**Your task**
Transcribe the data in full and exactly, omitting any pictures.

**Input material**

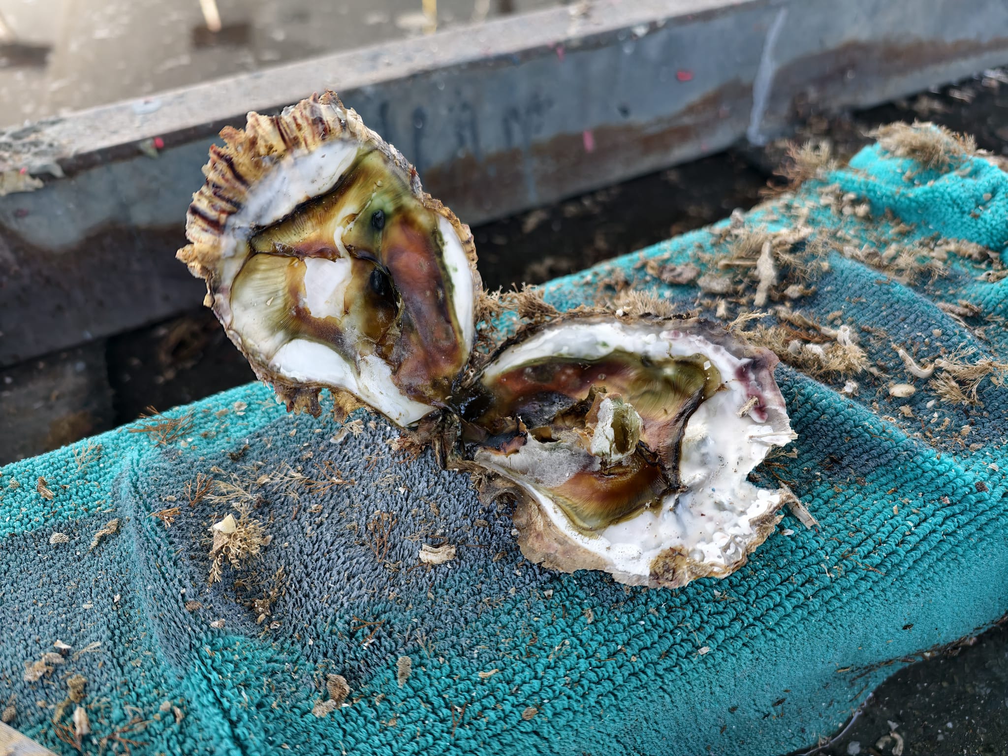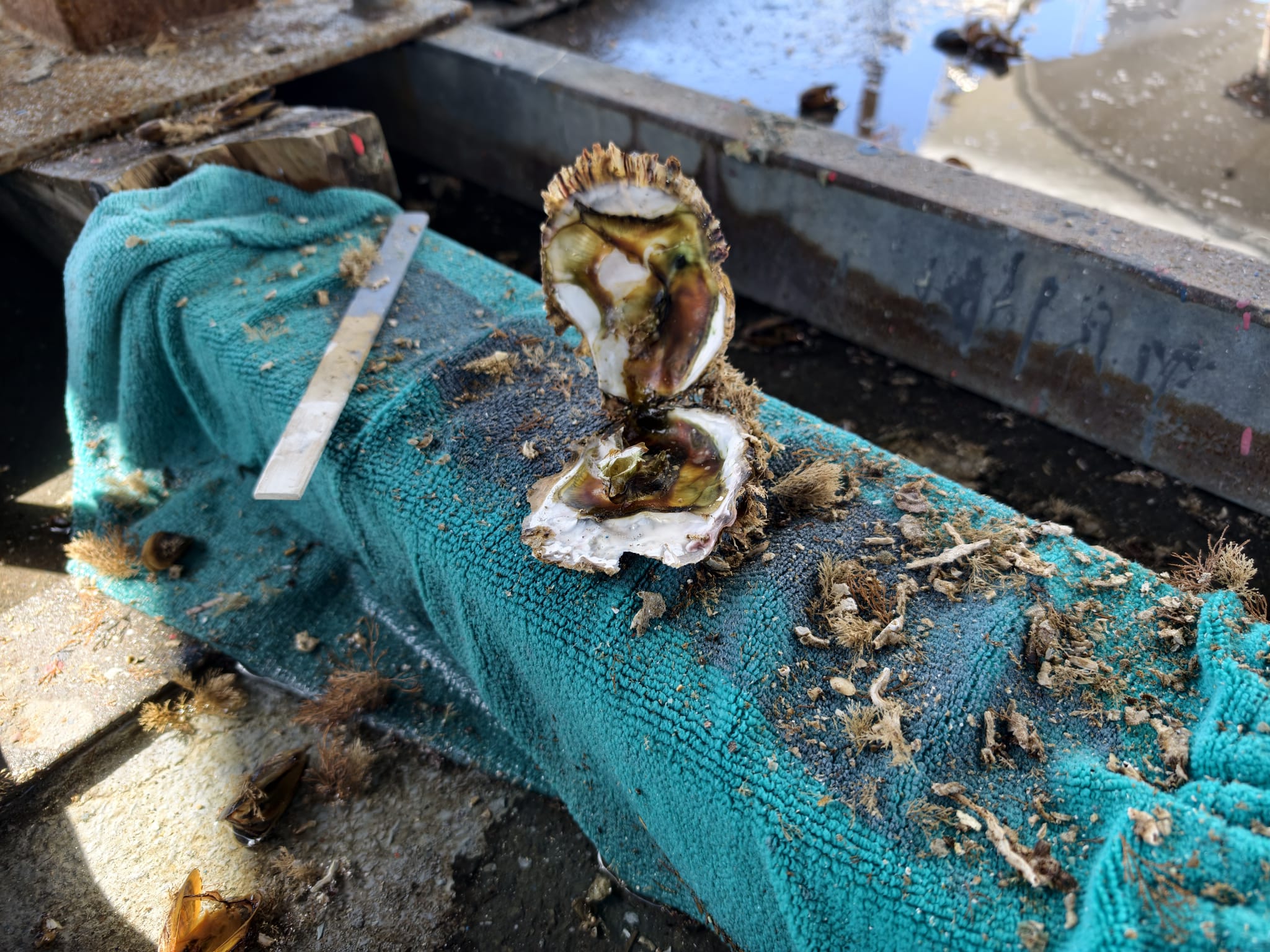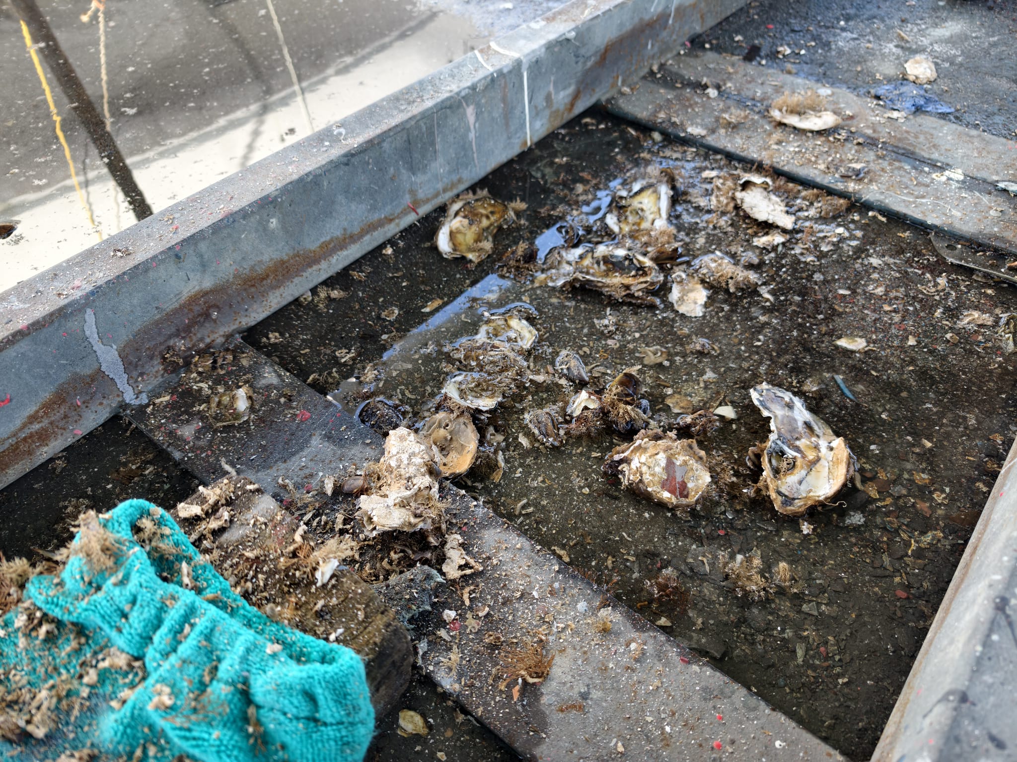 While Wim is waiting for the Coppercoat to dry, he sicks a putty knife in the centerboard case. Although there’s nothing to see on the outside, he feels some hard stuff deeper in the case. Perhaps some mussels? He scratches it with the putty knife and a large oyster fells down! Oops, he can feel many more! These must have grown in the Spanish Ria’s, especially Ria de Arousa.
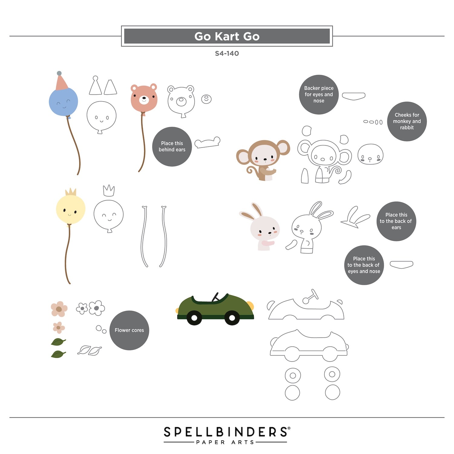 Go Kart Go Etched Dies — This set of 17 thin metal cutting dies creates an adorable tiny go-kart with two playful critter drivers—a monkey and a rabbit. Customize the scene with fun accessories, including a party hat, flowers, a crown, and a variety of balloons.
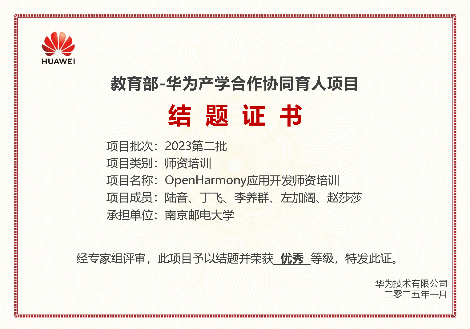 “教育部-华为产学合作协同育人项目”优秀结题证书
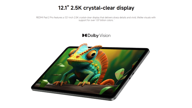 Redmi Pad 2 Proのディスプレイは、12.1インチの2.5K大画面液晶を採用。
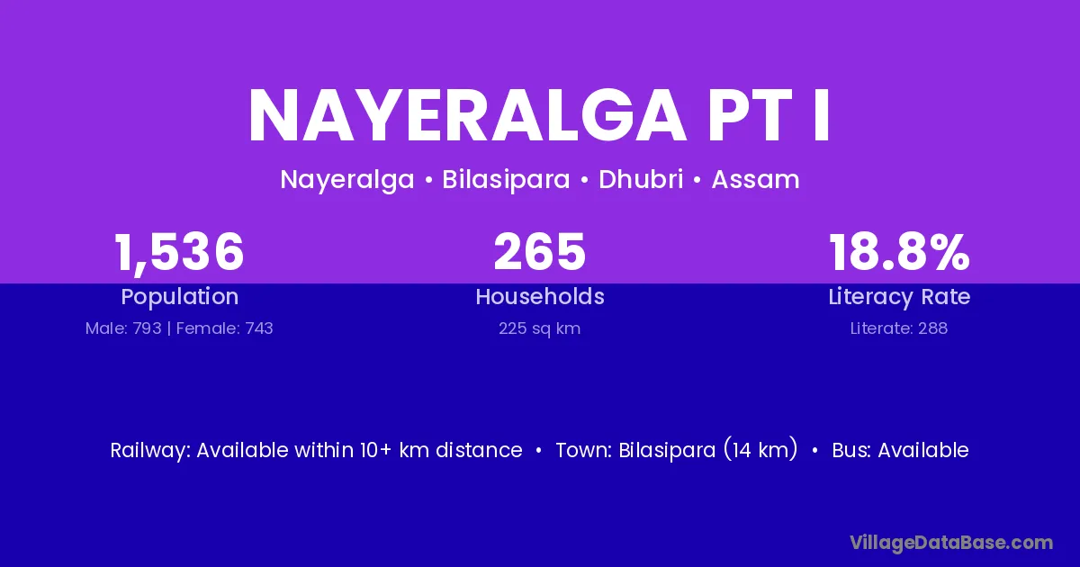 Bilasipara (14 km) is the nearest town to Nayeralga Pt I village for major economic activities and is located approximately 14 km away.
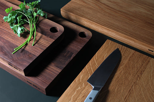 Handcrafted in Canada from two beautiful North American hardwoods, black walnut and white oak, the single curved edge-grain construction provides these wooden cutting boards with refined character as well as toughness. The utility hole makes it easy to handle or hang when not in use.
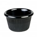 Ramekin, 1-1/2 oz. capacity, 2-1/2" dia., round, fluted, break-resistant, dishwasher safe, BPA free, melamine, black, NSF

**Task result**
 While Wim is waiting for the Coppercoat to dry, he sicks a putty knife in the centerboard case. Although there’s nothing to see on the outside, he feels some hard stuff deeper in the case. Perhaps some mussels? He scratches it with the putty knife and a large oyster fells down! Oops, he can feel many more! These must have grown in the Spanish Ria’s, especially Ria de Arousa.
 Go Kart Go Etched Dies — This set of 17 thin metal cutting dies creates an adorable tiny go-kart with two playful critter drivers—a monkey and a rabbit. Customize the scene with fun accessories, including a party hat, flowers, a crown, and a variety of balloons.
 “教育部-华为产学合作协同育人项目”优秀结题证书
 Redmi Pad 2 Proのディスプレイは、12.1インチの2.5K大画面液晶を採用。
 Bilasipara (14 km) is the nearest town to Nayeralga Pt I village for major economic activities and is located approximately 14 km away.
 Handcrafted in Canada from two beautiful North American hardwoods, black walnut and white oak, the single curved edge-grain construction provides these wooden cutting boards with refined character as well as toughness. The utility hole makes it easy to handle or hang when not in use.
 Ramekin, 1-1/2 oz. capacity, 2-1/2" dia., round, fluted, break-resistant, dishwasher safe, BPA free, melamine, black, NSF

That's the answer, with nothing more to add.